Photos courtesy of Inbal Gonen
By Lauren Fuchs | Intern
Prior to COVID-19’s outbreak, society had entered a mental health crisis, but the pandemic largely exacerbated such issues as people were pushed into isolation and faced with blatant uncertainty. Now more than ever, mental health resources and healthy coping mechanisms are in great demand. Palisadian Inbal Gonen hopes to help address the issue at hand.
Gonen had been dreaming of opening a brick-and-mortar wellness space that focused on intuitive healing practices even before the pandemic’s arrival, but when she realized that the highly transmissible disease would bar her from pursuing this dream, she decided to pivot.
Instead of giving up and allowing the pandemic to defeat her, she saw an opportunity. With the shift to exclusively virtual communication, Gonen decided to introduce her wellness space to the digital world with Calm Nest—a platform that connects energy healers and clients.
“The pandemic gave a lot of people the opportunity to look inwards. When you slow down it gives you time to reflect,” Gonen said to the Palisadian-Post. “And when you reflect, you often see things that maybe do not serve you or do not represent who you want to be or who are in your essence. Doing things like energy healing really helps you unlayer the things that do not serve you.”
Though she possesses many strengths as a professional in the wellness industry, Gonen shared that she lacked skill in the technological department when initially designing Calm Nest. Constructing an interactive website posed a much greater challenge than she anticipated.
Although challenges presented themselves, she reminded herself to “stay with it, to remember that there are good days and bad days, to not get discouraged, and to keep my eye on the prize,” she said.
Her platform Calm Nest officially launched in 2021.
Calm Nest acts as a “place where self-care is a priority, where clients can feel supported, where practitioners can expand their practice and where everyone can be an active participant in their personal growth journey,” according to the website.
Diagnosed with depression and anxiety at 12 years old, Gonen said she spent years experimenting with various methods of healing. According to the Calm Nest website, “her greatest time of calm came after she integrated energy healing into her life.”
This interaction with energy healing prompted Gonen to pursue a training in Reiki, a Japanese healing method that is said to transfer “universal energy” through a technique called “palm healing” and is among the practices that Calm Nest offers. Reiki “helps the flow of energy throughout the body in a way that is similar to acupuncture,” according to the website. Unlike acupuncture, “with Reiki therapy, the power of healing falls more within the client rather than the practitioner.”
In addition to Reiki, Calm Nest offers various modalities including ancestral healing, biofield tuning, sound therapy and more. Such practices can be transformative in coping with depression, anxiety, trauma, among a long list of other mental illnesses and disorders. Intuitive healing also initiates exterior improvements, further explaining the mind body connection, Gonen said.

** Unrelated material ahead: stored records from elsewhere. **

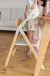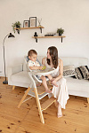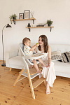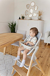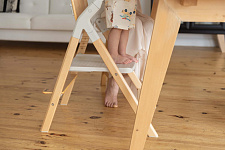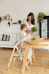 Третья функция – это **приставной стул**. В этом режиме Carrello Ergo CRL-16701 превращается в удобный стульчик для ребенка от 3-4 лет, способный выдерживать нагрузку до 110 кг. Деревянное сиденье имеет три позиции регулировки высоты, а также предусмотрена регулируемая опора для ножек. Это позволяет использовать стул длительное время, сопровождая ребенка в его взрослении. Размеры сиденья составляют 32х27 см, что достаточно комфортно для ребенка дошкольного и младшего школьного возраста.
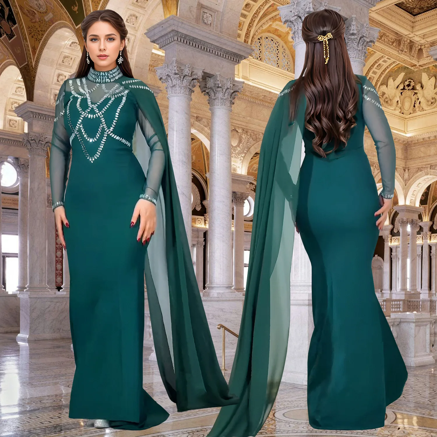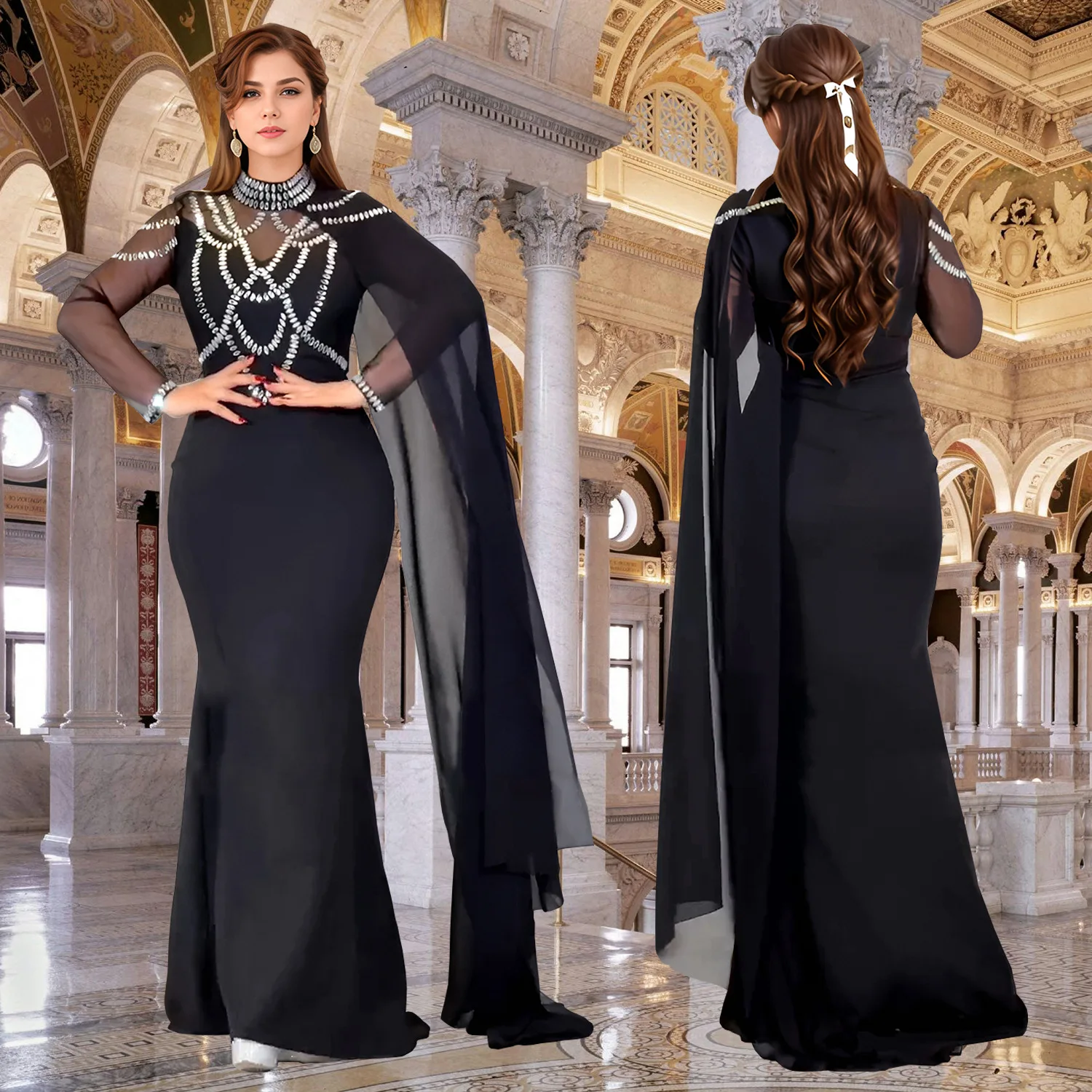 Women's Elegant Muslim Women Dress Chiffon Split Muslim Women's Robe Dresses for Party
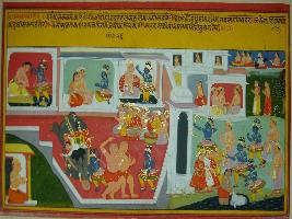 | Description / विवरण | Miniature painting based on Krishna charitra - Sur Sagar depicting Rag Ashwari the Ragini of Rag Shri. The paintings depicting some seen of Mathura that how Krishna the mad elephant, the two wrestler Sonu and Murti, the cloth washer, and how he killed the king Karna and set up Ugrasena on the throne. The painting also depicts the happiness of people of Mathura. |
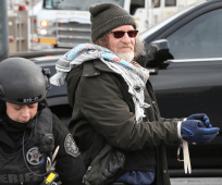 Mike Wilzoch getting arrested for civil disobedience. He was protesting the policies of the Jewish National Fund and against the U.S. sponsored Israeli slaughter of Gazan Palestinians. Me too
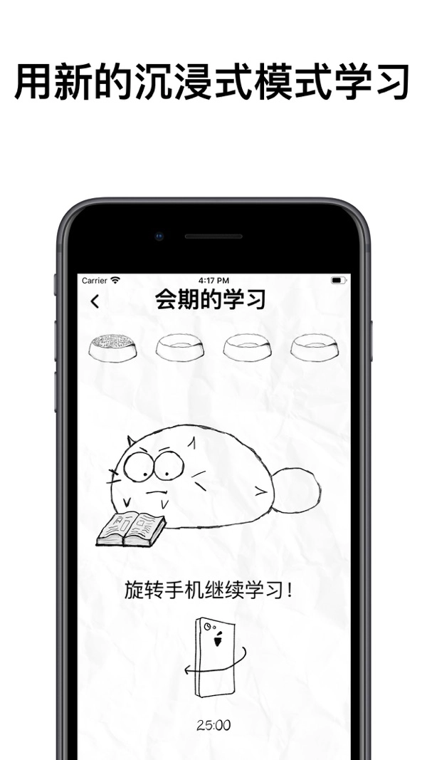 fatty cat,这里为用户们带来的是这款可以让你轻松学习的伴学软件,软件拥有强大的伴学功能,在一个人做功课无聊的时候就可以使用这款软件,软件中你可以制定一个学习计划,在学习的倒计时结束之后你可以在软件中放松一下,这里拥有很多可爱的猫咪角色可以选择与你伴学哦!
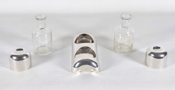 Silver cruet with glass ampoules, Designer De Vecchi, gr. 470
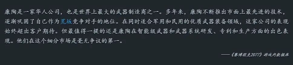 根据VG百科的介绍,在《赛博朋克2077》游戏背景设计中,康陶是一家华人公司,也是世界上最大的武器制造商质疑,康陶还是游戏中最大的反派——荒坂公司的竞争对手,目前康陶公司的总部坐落在沈阳,是一家血统非常纯正的中国企业。
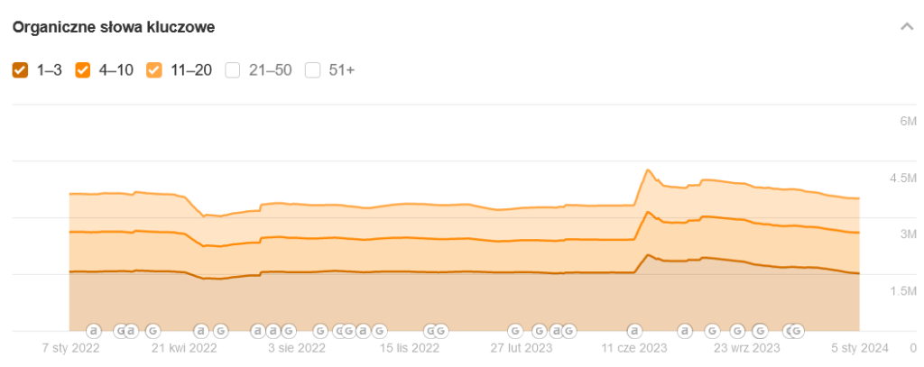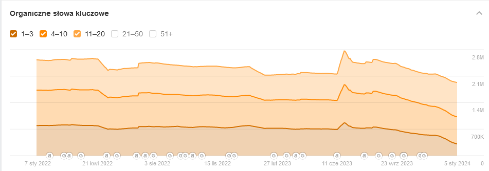 Oczywiście w powyższym przypadku trudno jest mówić o złej sytuacji. Niemniej jednak, warto obserwować rozwój wydarzeń. Domena ta buduje swoją obecność na rynku od niedawna i chwilowe korekty widoczności nie muszą rzutować na długofalowy trend. Spadek fraz w TOP 3 z poziomu około 180 tys. do niecałych 100 tys. jest jednak wart odnotowania.
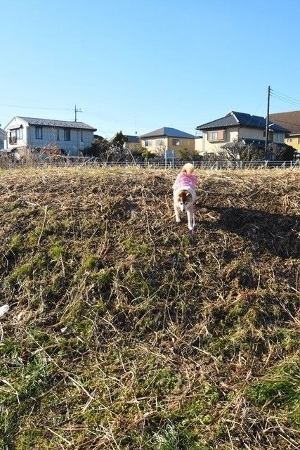 *かぼちゃんは普段のお散歩やドッグランでは、全く走りません。この土手の散歩道でのみ、スイッチが入って走ってくれます。私が追いかけられる程度の速さですから、可愛いテケテケ走りですが、いつもスローなかぼちゃんのアクティブ姿が見られることが、とっても嬉しいのです。
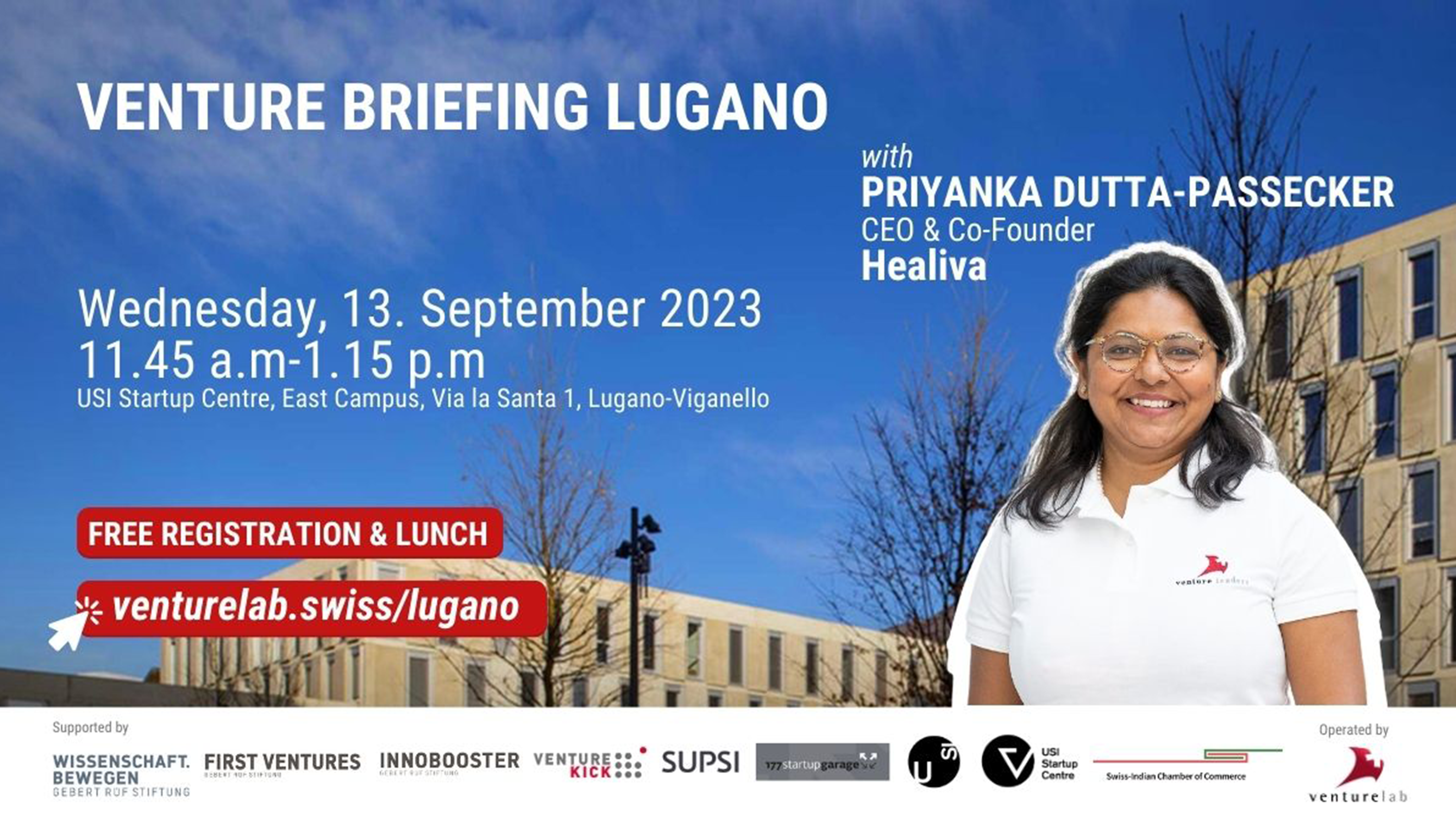 12:15 - Keynote speech by Priyanka Dutta-Passecker, Healiva (startup incubated at USI Startup Centre)
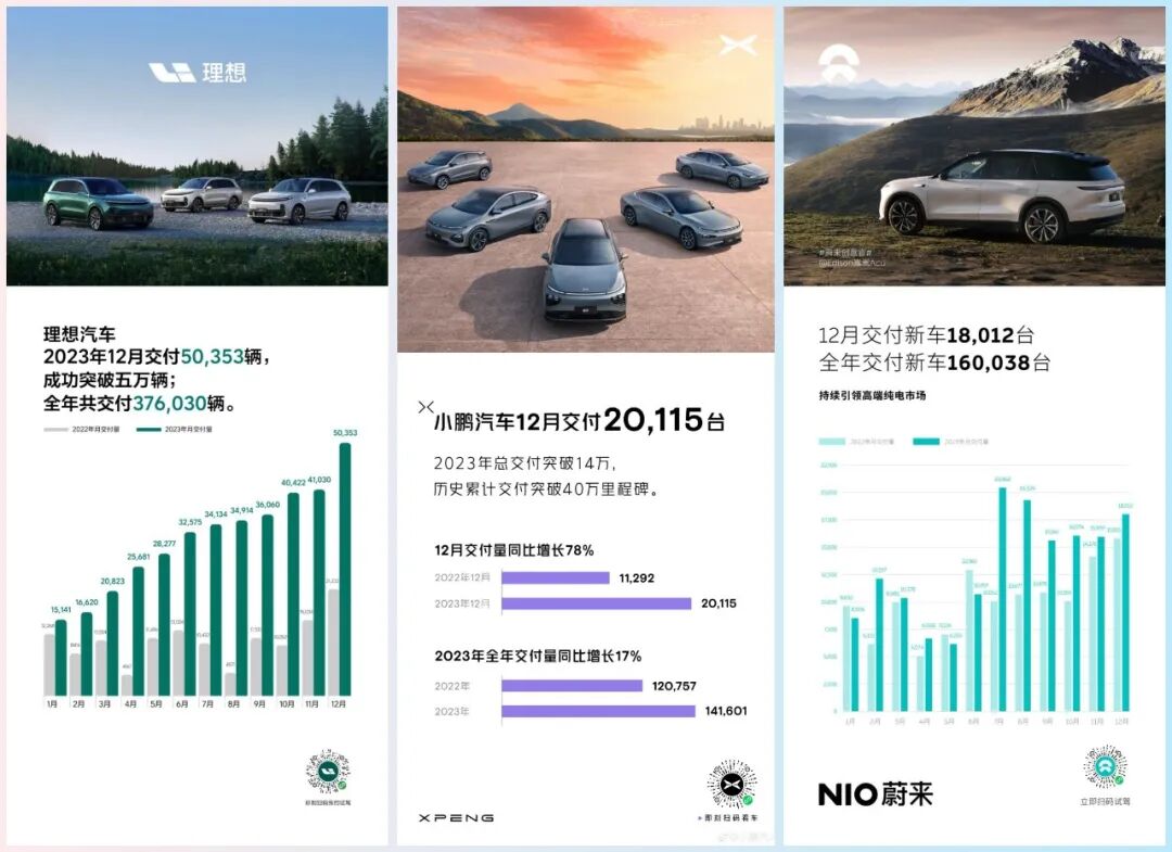 1 月 1 日,港交所公告显示,百度关联方 Moon 按照此前签署的协议,终止对 YY Live 的股权收购协议。根据公告,Moon 曾于 2020 年 11 月 16 日与欢聚集团就 YY 在国内视频娱乐直播业务签署股权收购协议,并约定如未在最后期限日之前完成交易交割,交易的任何一方有权终止协议。截至 2023 年 12 月 31 日,即协议最终截止日,股份购买协议规定的交割前提条件未能全部满足。对此,欢聚集团发布公告称,已获百度关联公司发出的终止 2020 年 11 月的股份购买协议的通知。YY 直播向百度的出售已于 2021 年 2 月 8 日基本完成,且某些事项仍有待未来完成,但百度在通知中声称,其已行使终止股份购买协议的权利取消了交易。欢聚集团正在寻求法律建议,并将针对百度的通知考虑其可以采取的所有选择。新能源造车 2023 年成绩单
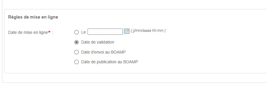 Elle peut avoir lieu soit, dès la validation finale de la consultation, soit à une date ultérieure à la validation (à indiquer dans cet onglet), soit à la date d'envoi au BOAMP ou enfin, à la date de publication au BOAMP.
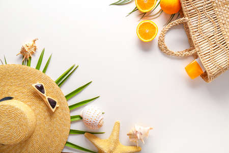 Summer travel vacation background with sun hat, camera, sea shells, tropical palm leaf on white background. Flat lay composition with beach accessories. Top view with copy space.
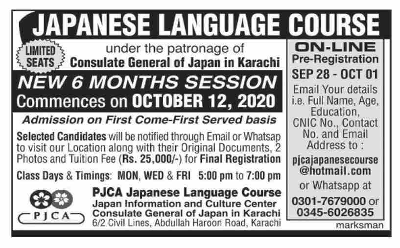 Japan Information and Culture Center is offering admissions 2020 in 6 months diploma in Japanese Language Course in Karachi Pakistan.
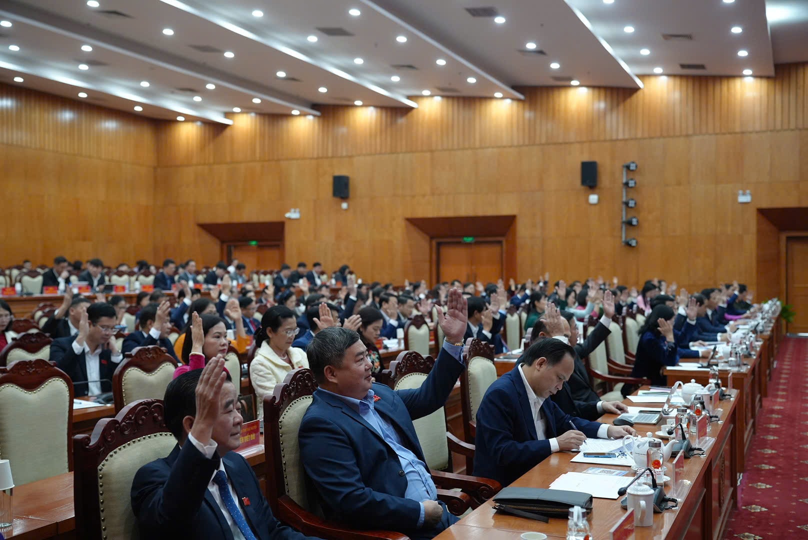 Các đại biểu biểu quyết thông qua chương trình kỳ họp. Ảnh: Nguyễn Ánh

“[These practices] are great for sleeplessness, anxiety, depression, digestive issues, chronic pain. In fact, UCLA, in their chronic pain and cancer patient department, uses Reiki because it helps reduce pain and anxiety significantly,” Gonen explained to the Post.
Because Gonen was a pre-med student at UCLA, she said she likes to approach the wellness and intuitive healing spaces with a scientific and medical perspective in mind. Starting off skeptical of the legitimacy of intuitive healing practices, she became increasingly confident in the field as she dove deeper into what occurs on the scientific level when an individual partakes in energy healing.
“Biofield tuning is really interesting because it works with the biofield that lives around the body,” Gonen said to the Post. “The world is full of different frequencies. Our body, because it has energy in it, has its own biofield. We carry this frequency around our body, and the frequency represents our history. And when we go through a type of trauma, disturbances are caused to our frequencies.
“When you get tuned, you actually use a tuning fork, and the practitioner moves the fork through your frequencies. When it hits a frequency that is out of whack, it stays there and it actually makes a different sound, and that different sound continues until the frequency in the air that it is hitting finds a balance. It brings it back to the normal frequency of the body and therefore releases the energy that is stuck in this wave. You are not gaining or losing energy, you are just playing with what you have.”
Though her company was originally set to fit an in-person, face-to-face model, Gonen’s digital platform has allowed her to expand on a level she never dreamed to be possible.
“The nice thing about us having an online platform is that we have practitioners that are from all over the world. It really allows us to reach the best healers that are around and we are not tied down to a demographic,” Gonen said.
The uniqueness of energy healing has worked to Gonen’s advantage as energy is everywhere and accessible to everyone, even through a screen.
Gonen said she hopes to continue to grow her impact and expand the Calm Nest community.
“My goal for Calm Nest this year is to reach an abundant amount of people. I want to teach people about energy healing, I want people to learn from it, and I want people to feel some relief from it,” she said. “We have gone through so much as a collective over the last few years, if we can ease the tension and the anxiety and the frustration and the pain, let’s do it.”